Pour Morus, la résurrection de la monarchie autoritaire était la solution à tous les problèmes soulevés par la république parlementaire. Il a été rejoint par des personnes cultivées, des écrivains et des intellectuels qui ont défendu des idéaux anti-démocratiques et anti-républicains. Cependant, le coup d’État qu’il a préconisé pour vaincre la république n’a pas eu lieu. Morus est resté un intellectuel et un éditorialiste, alors dans la nuit du 6 février 1934, alors que ses partisans étaient prêts à attaquer le Congrès avec d’autres ligues, il est devenu l’épouse de son compagnon de route Léon Dode. J’ai écrit un poème !

Plus tard, les idées de Maurasia ont trouvé des illustrations concrètes de la Révolution nationale de Petan et ont survécu dans des publications confidentielles et certaines familles bourgeoises catholiques traditionalistes.

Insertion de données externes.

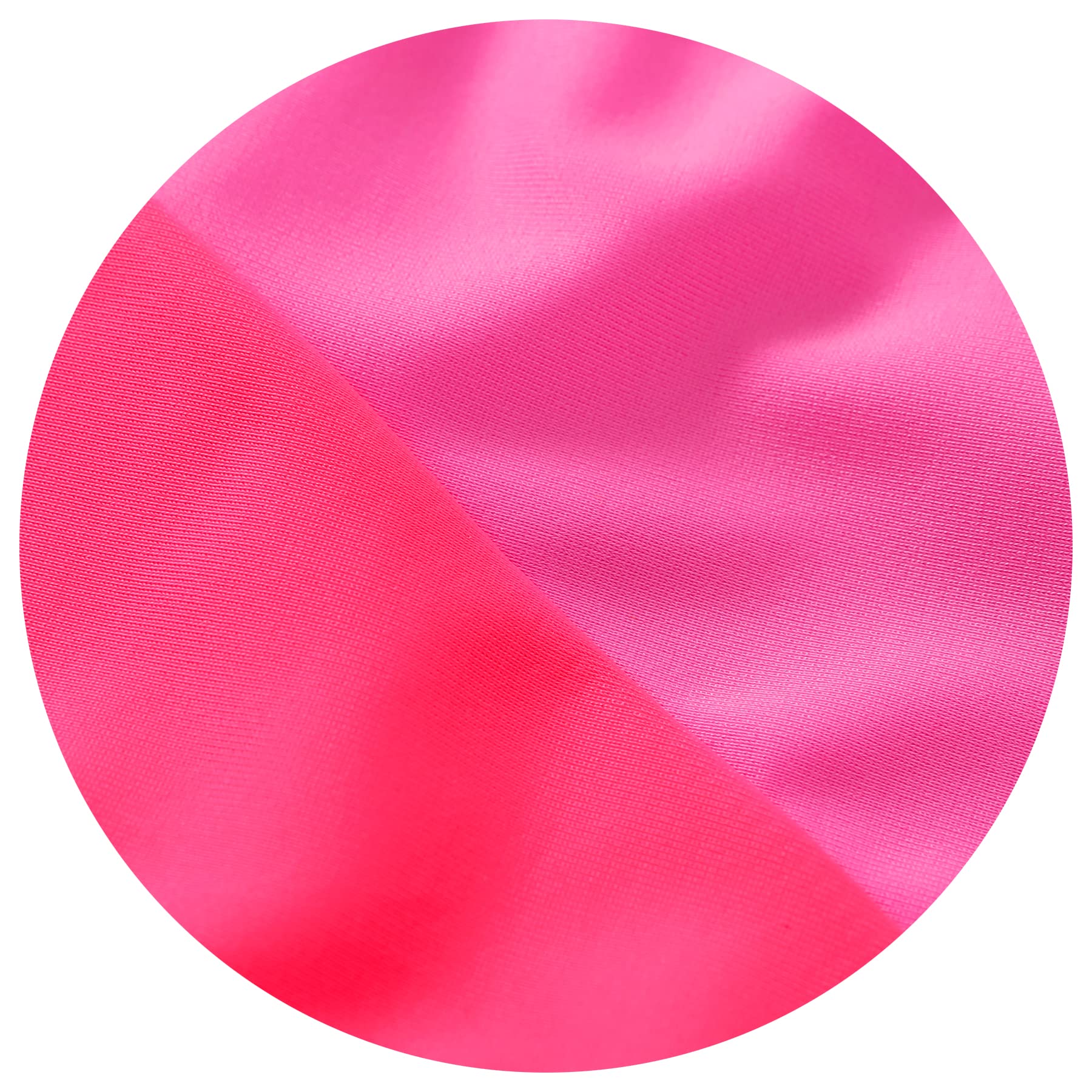 - Q: What colors are included in the swimsuit design? A: The swimsuit features pink and orange stripes, along with yellow and dark pink color blocks.

Eric Zemmour partage l’idée centrale de “l’ennemi intérieur” avec les morus-islamiques et les immigrés remplacent les juifs chez eux. L’avantage de ce concept est que différents publics peuvent être réunis. Dans le passé, des ouvriers qui étaient censés être exploités par des catholiques qui étaient en contact avec le « homme de main capitaliste » et le « meurtrier » juif. Aujourd’hui, des gens qui veulent « remplacer » les « français de souche » et rendre le pays non chrétien.

Pensez-vous que l’essayiste et Marine Le Pen incarnent chacune à leur manière l’une des deux grandes traditions d’extrême droite que vous venez d’évoquer ?

Eric Zemmour est une idéologie hybride. Il emprunte à Valles, Morus, Dorumon, Bainville, Renault Camu, mais peut encore citer De Gaulle, considéré comme un traître par les gens de droite qui s’opposent à Vichy. Il a également été condamné à mort par contumace par Petan ! Et après la guerre, il a régné avec la gauche, les communistes et les démocraties chrétiennes. C’est très déroutant qu’Eric Zemmour loue à la fois Petan de Vichy et le général de Gaulle ! Mais il faut jeter un large filet !

Marine Le Pen est, en fait, la paternité du général Boulangiste avec le soutien démographique populaire et le populisme social. Mais l’électorat a clairement un pont entre ces deux traditions.

En toi Histoire de l’extrême droite de France, Vous avez évoqué le “poison efficace” de la société française contre l’extrême droite. Sont-ils toujours là ?

L’esprit de “défense républicaine”, que nous avons connu par le passé contre ceux qui ont tenté de vaincre le Parti républicain, est sans doute beaucoup plus à notre époque en raison de l’affaiblissement important du Parti démocrate et de son extrême division. Comme se définissait le chef du gouvernement de la Défense républicaine en 1899, nous n’avons pas aujourd’hui Waldeck Rousseau, « un républicain modéré mais pas un républicain modéré ». La démocratie et les valeurs républicaines ne sont plus aussi profondément enracinées qu’elles l’étaient par le passé, c’est donc une voie idéaliste.

Application L’Express

Analyse de suivi et décryptage où que vous soyez

Téléchargez l'application

Téléchargez l’application

Côté intellectuel, naissance d’un flux similaire au comité d’alerte des intellectuels antifascistes, fondé en 1934 et auquel participent les philosophes Alain, Paul Rivet, Paul Langevin, et André Breton, Jankasuu, André Malraux, etc. Ne peut pas être vu. Le plus publié aujourd’hui est une écoute satisfaisante des thèses nationalistes. Pourtant, c’est la base de la pensée que l’avenir de la démocratie sera accompli.


avis

Chronique

Portrait d'Albert Moukheiber, 8 janvier 2020, Paris, France.Par Albert Moukheiber

Chronique

David Babeles

Le groupe de réflexion L’Express

Le dernier réacteur français a été lancé en 2004.Cécile Maisonneuve est Senior Fellow à l’Institut Montagne et Conseillère au Centre Énergie et Climat de l’IFRI.